Learning Leg Locks: A Method

A training method that I learned from my instructor was to get obsessed with a position for a month. All of the drilling and learning is to be focused on that one position for a set period of time.

He would also roll with limited goals in mind, only trying to get that target position. For example, he would pass up a choke opening because he was only hunting arm bars. He swore by the method.

I want to spend the next month on leg locks. I have a fair knowledge of leg locks but I would like to take it up another level. Armed with some great instructionals I’m going to do my own leg lock focus.

What will be the approach? I have applied this model to every position in jiu-jitsu — back control, half guard bottom and so on — with good results.

Here it is:

1) Identify the key variations.

There are numerous ways to entangle the legs with two grapplers bodies. What are the best control positions?

The rules of sport competition also significantly affect the application of leg locks, so you need to understand what is allowed and what isn’t for your rules.

2) Learn to control #1

You could leap on an exposed leg and try to get a tap before an experienced opponent slips out, but that is a low level of strategy.

How do I secure the position and maintain control before looking for the submission? This is the more important question.

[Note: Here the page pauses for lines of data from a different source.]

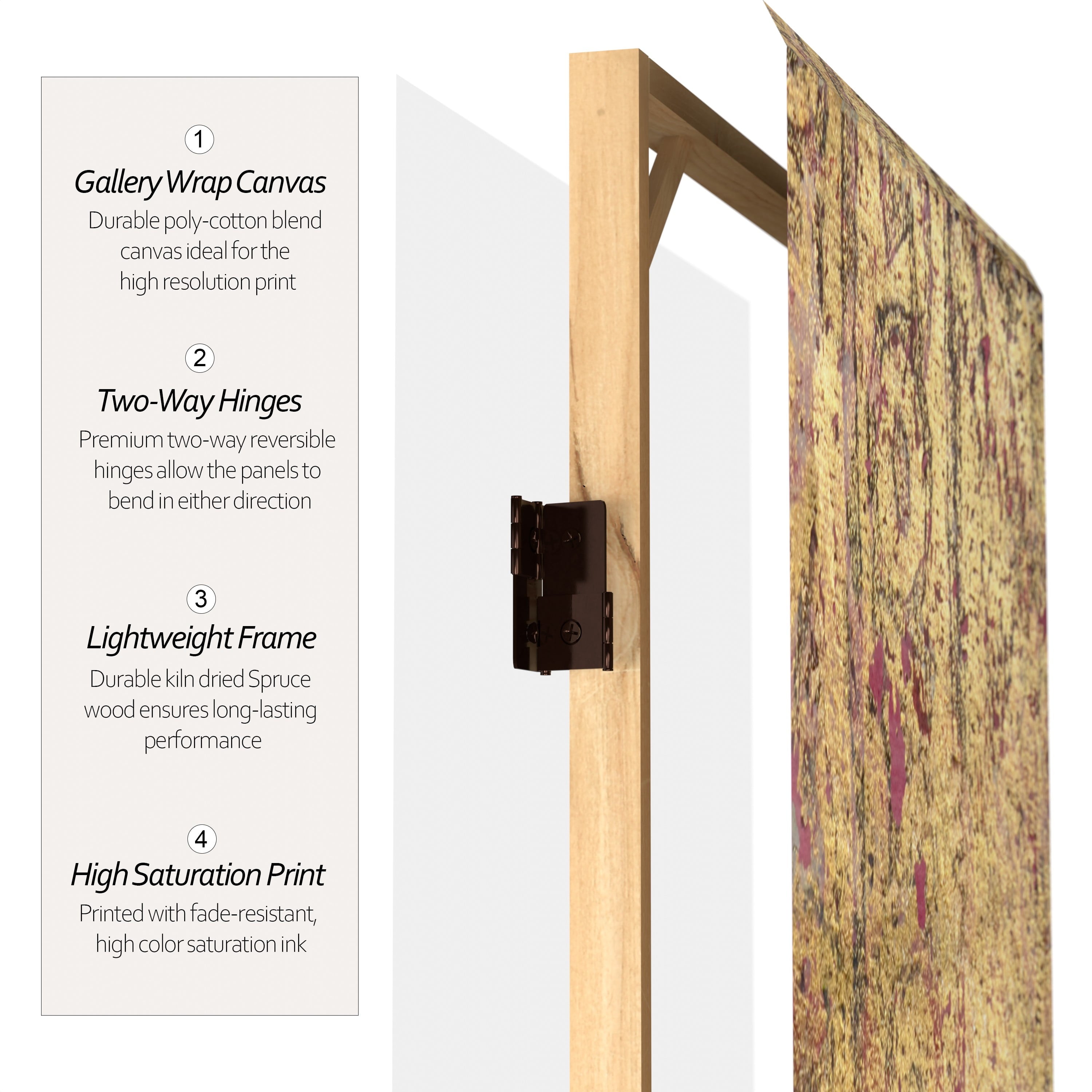 - Wood and Canvas Construction: Our room divider features a durable poly-cotton blend canvas ideal for the high resolution print. The durable kiln dried Spruce wood ensures long-lasting performance while being light enough to move and store easily.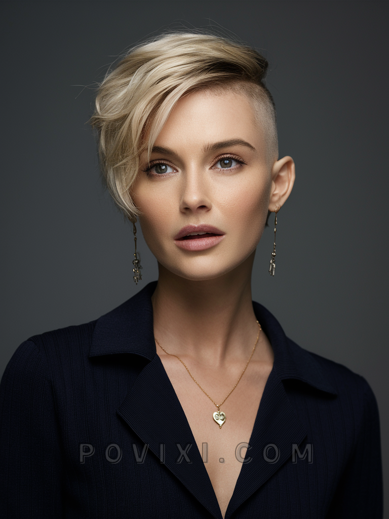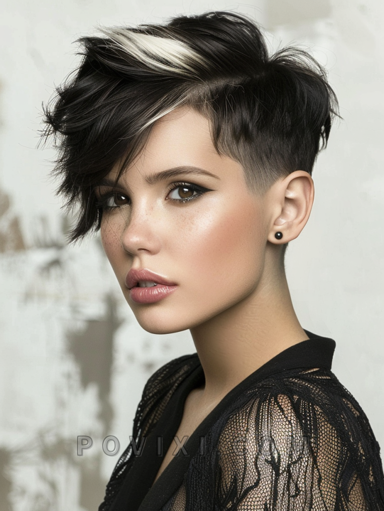 For those who want to make a bold statement, the buzzed asymmetrical pixie is the way to go. This cut features a closely-cropped or shaved section on one side, with the other side left longer for a dramatic contrast. It’s perfect for round faces and heart-shaped faces, as it adds a modern and edgy touch to your look.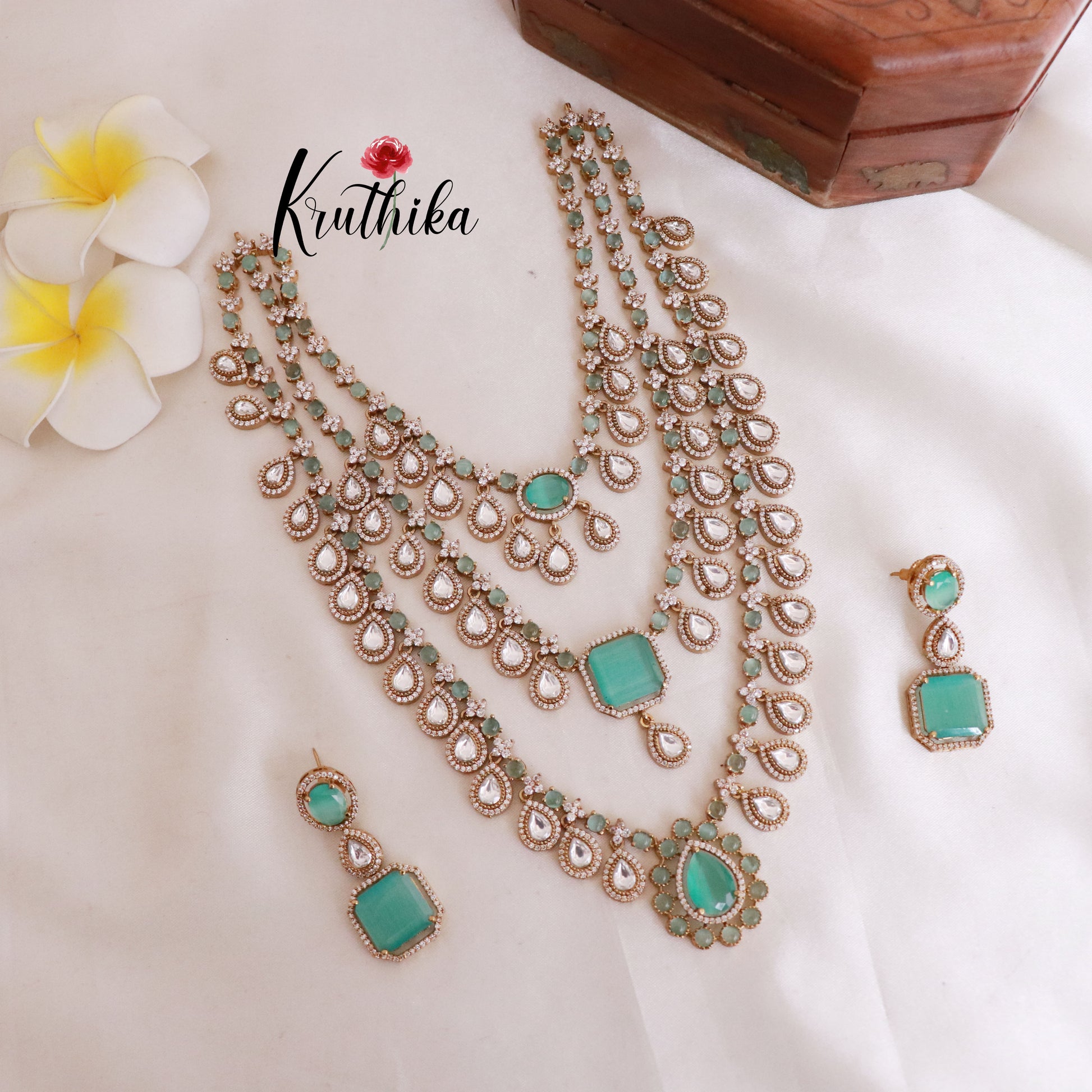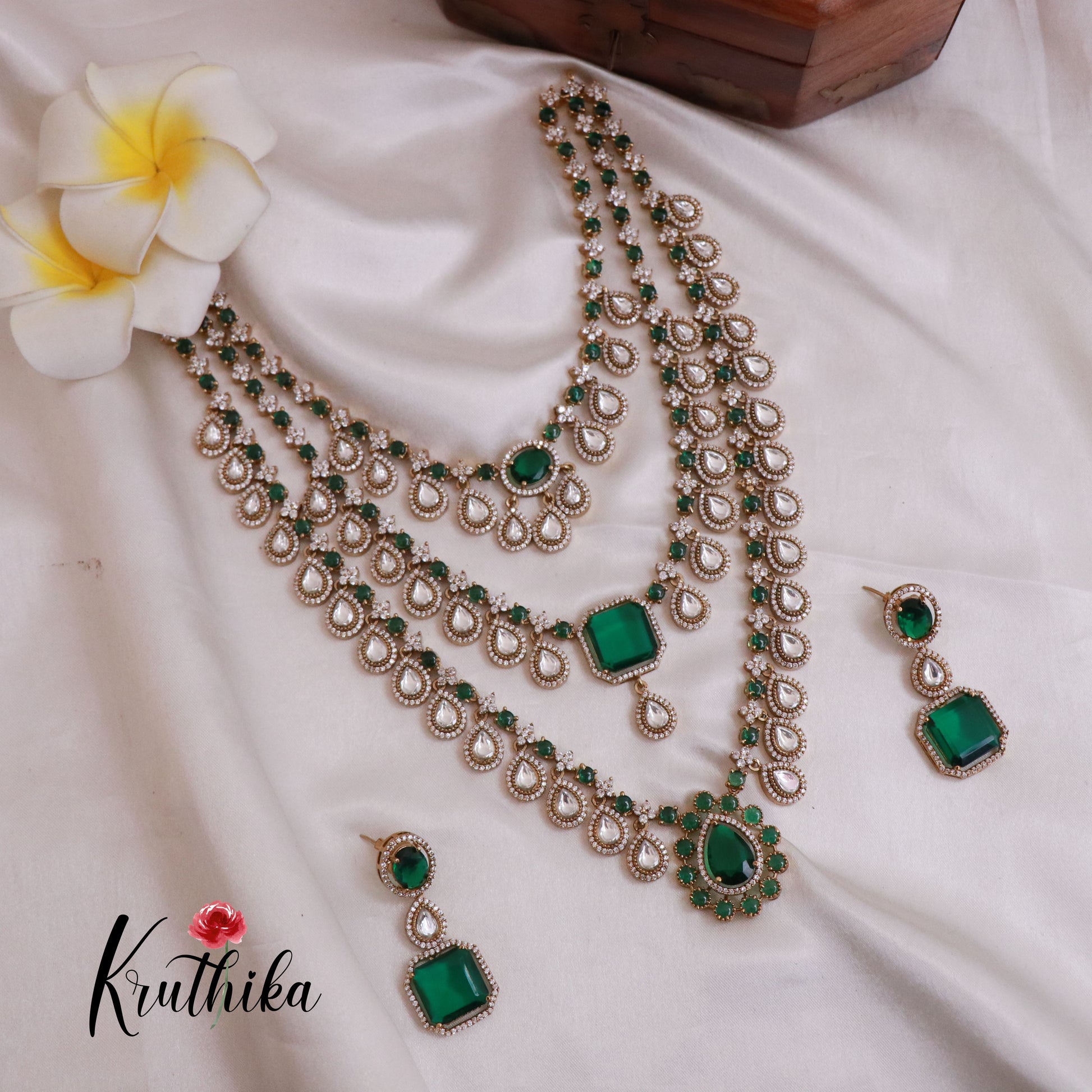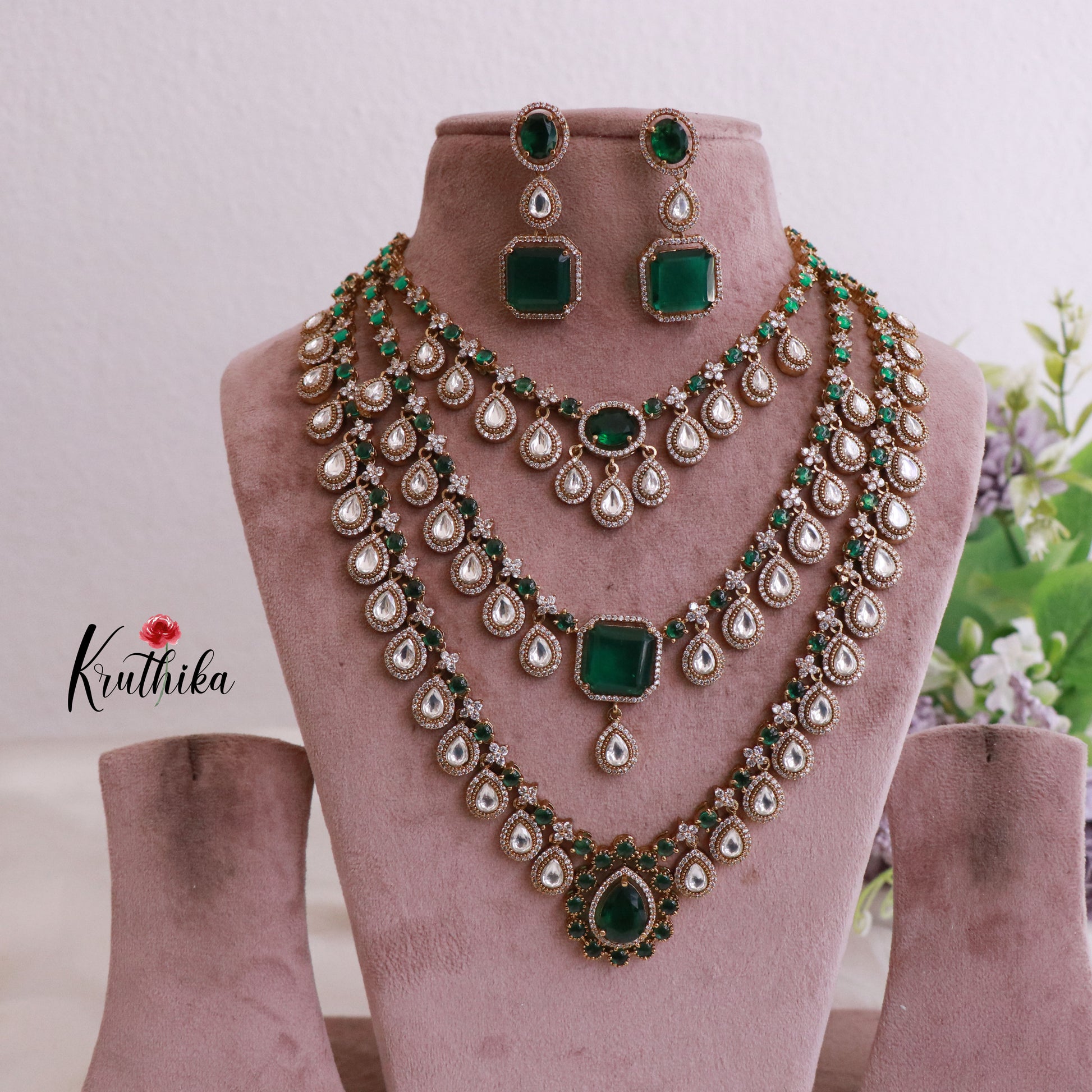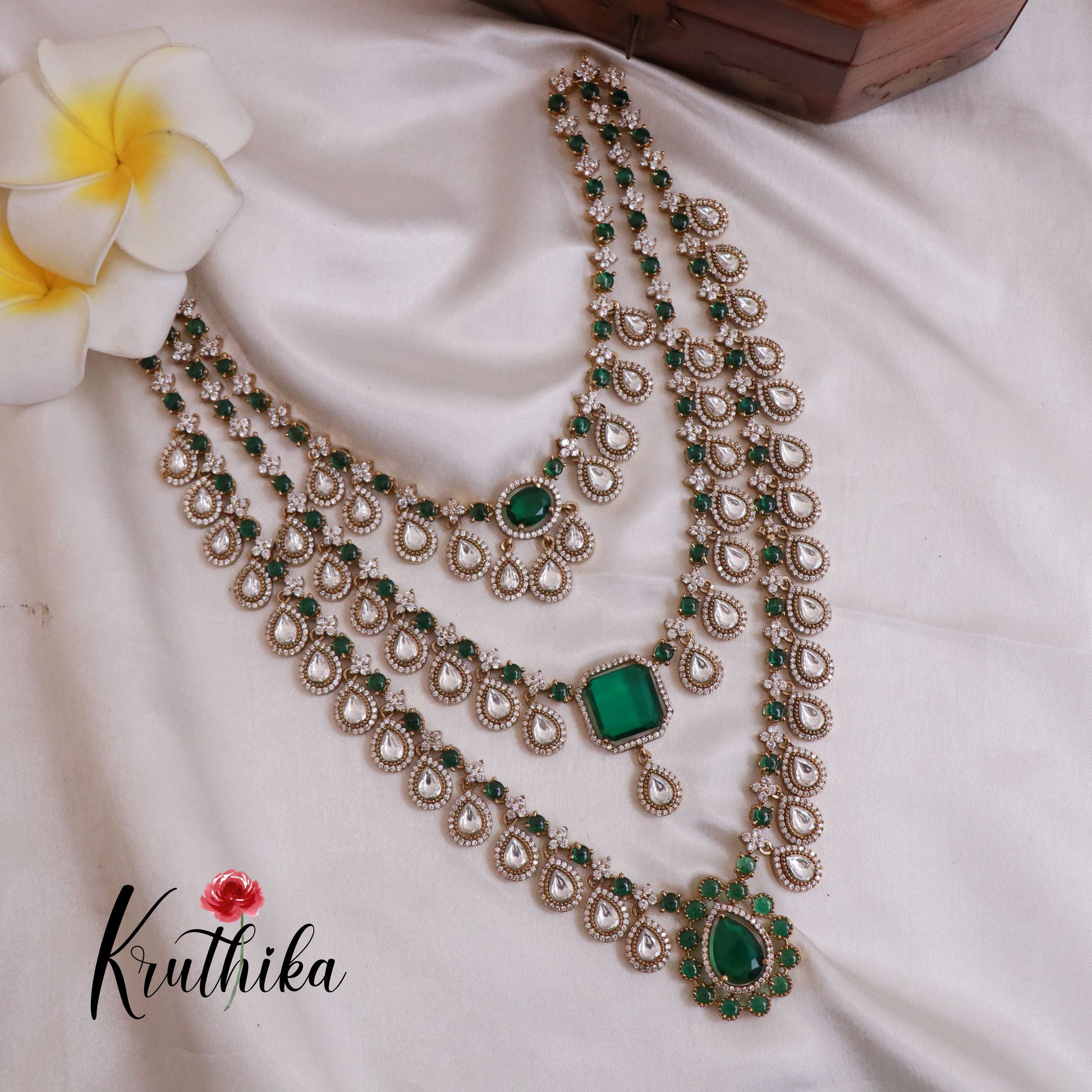 Enhance your style with our stunning, Elegant Three Layer Victorian Moissanite Harams. Crafted with high-quality stones & beads, this set combines timeless elegance with a modern touch. Ideal for special occasions or adding a touch of glamour to your look.

Positional or specific training is a great tool for this. Start in the leg position that you want and ask your partner to move around and look to escape. Start at 25% and gradually increase the intensity as you learn how to control.

3) Learn the subs and sweeps from that control.

Now that we have confidence that we can control the position, what are the highest percentage attacks?

Learn the correct mechanics of the attack so that you may exert the strongest leverage against the joint. In the case of leg locks, are attacking the powerful joints of the knee and ankle that are used to carry the weight of the entire body and therefore stronger comparatively than the elbow and shoulder. Your mechanics have to be correct or no tap!

4) Learn the entries.

How do we get into the position. Against an experienced opponent, there will be few mistakes that will give easy entry. As the level of your training partners gets higher, the transitions become increasingly important.

We need to ask ourselves such questions as: which major ground positions will we be looking to enter into our major leg positions; and how can we get to ashi garami from guard, from passing the guard, or from standing?

5) Learn the defenses.

What is a knowledgeable opponent going to do to counter our attacks? Understanding the defense will help us tighten any gaps and anticipate the opponent’s reactions.

How do we address the most common counters and move to a combination or regain our attack position?

Try this method of structuring your learning and training of any position that you wish to improve.